Eloy Melonio*
Conversar é preciso, e viver também é preciso. E foi assim que nós, da subespécie Homo Sapiens, evoluímos e descobrimos que éramos iguais e inteligentes.
Foi conversando que começamos a nos entender. Mas nunca foi tão fácil conversar como nestes tempos de smartphone e redes sociais. Hoje não se precisa mais ter alguém ali do lado para bater um bom papo. É só pegar o celular ou o notebook, e pronto!
E também foi assim que, de conversa em conversa, percebi aquela mulher de uns 35 anos, com seu celular em punho, conversando, conversando. E todo dia era a mesma coisa.
Geralmente chegamos à pracinha do bairro quase ao mesmo tempo, por volta das seis e vinte da manhã.
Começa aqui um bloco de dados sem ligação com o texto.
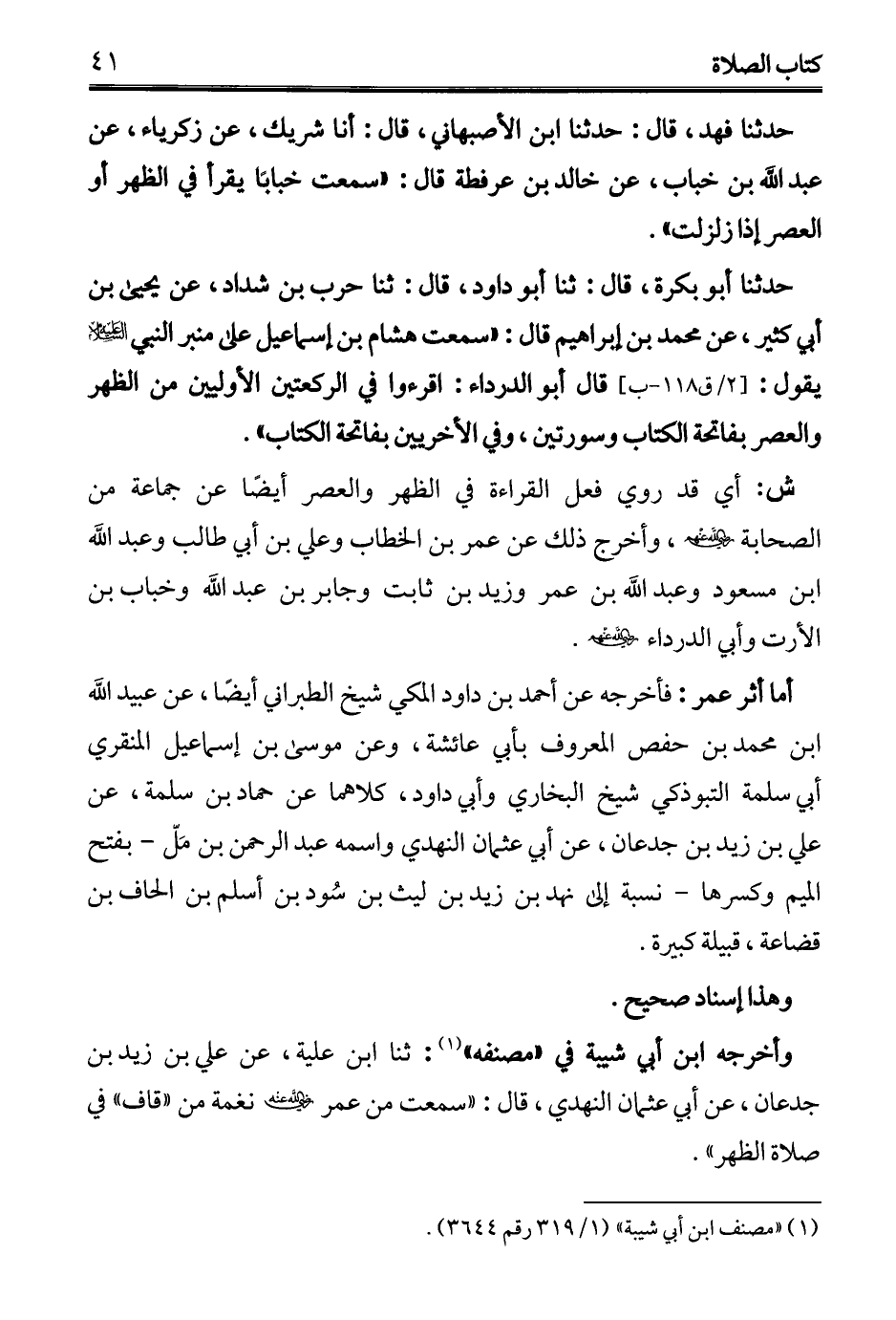 ش: أي قد روي فعل القراءة؛ في الظهر والعصر أيضًا عن جماعة من الصحابة - رضي الله عنهم -، وأخرج ذلك عن عمر بن الخطاب وعلي بن أبي طالب وعبد الله ابن مسعود وعبد الله بن عمر وزيد بن ثابت وجابر بن عبد الله وخباب بن الأرت وأبي الدرداء - رضي الله عنهم -.
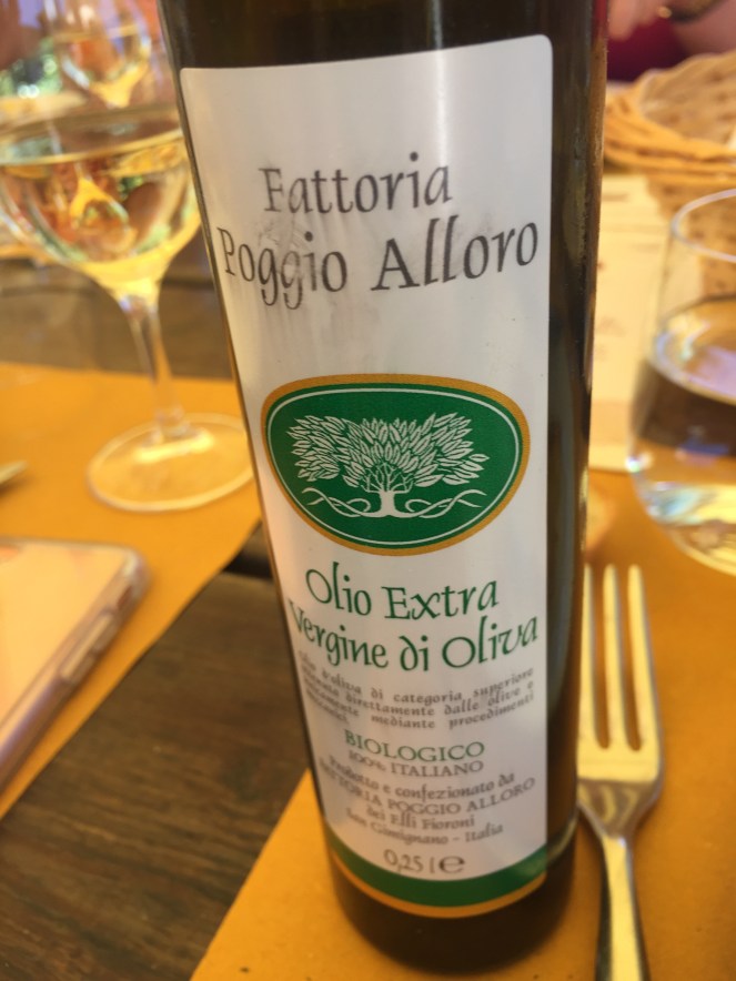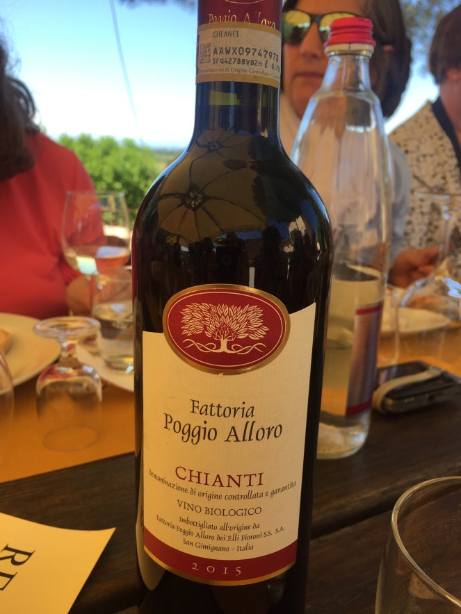 It was a gorgeous day at the farm. Very sunny and warm…by the fourth glass of wine, I felt the sun in my bones, but I didn’t care. I was having the best lunch ever, on a beautiful hillside 2 km outside of San Gimignano, at Fattoria Poggio Alloro, a working vineyard/farm in Tuscany.

Ela senta-se num banco da praça, e eu vou direto para os equipamentos de atividade física que ficam numa área específica, a uns oitenta metros de onde ela está.
Para mim, essa parada na praça é parte do trajeto que faço em minhas caminhadas matinais. Para ela, talvez um descanso antes de chegar à casa onde trabalha, que deve ficar nas redondezas. Ou mais do que isso, é hora de “conversar”.
Começo a fazer meus exercícios. E ela, vai logo tirando da bolsa o smartphone. E tome conversa!
Comecei a prestar mais atenção às suas conversas. Porque, mesmo não estando lado a lado, conseguia ouvir boa parte do que ela falava. Mesmo com o vento tentando atrapalhar. Às vezes, falava alto e parecia não ter papas na língua. E sempre ia direto ao assunto.
― Eu não lhe disse que isso não ia dar certo. Agora segure as pontas aí.
Imagino que nossa amiga fala com seus parentes, amigos e conhecidos. Mas o que chama a minha atenção, é a autoridade com que expõe suas ideias, dá seus conselhos, faz suas observações. E cobra atitudes.
― A senhora tem de levar o Pai pra essa consulta. Próstata é coisa séria. Se a senhora não conseguir, vou ter de ir aí falar com ele pessoalmente.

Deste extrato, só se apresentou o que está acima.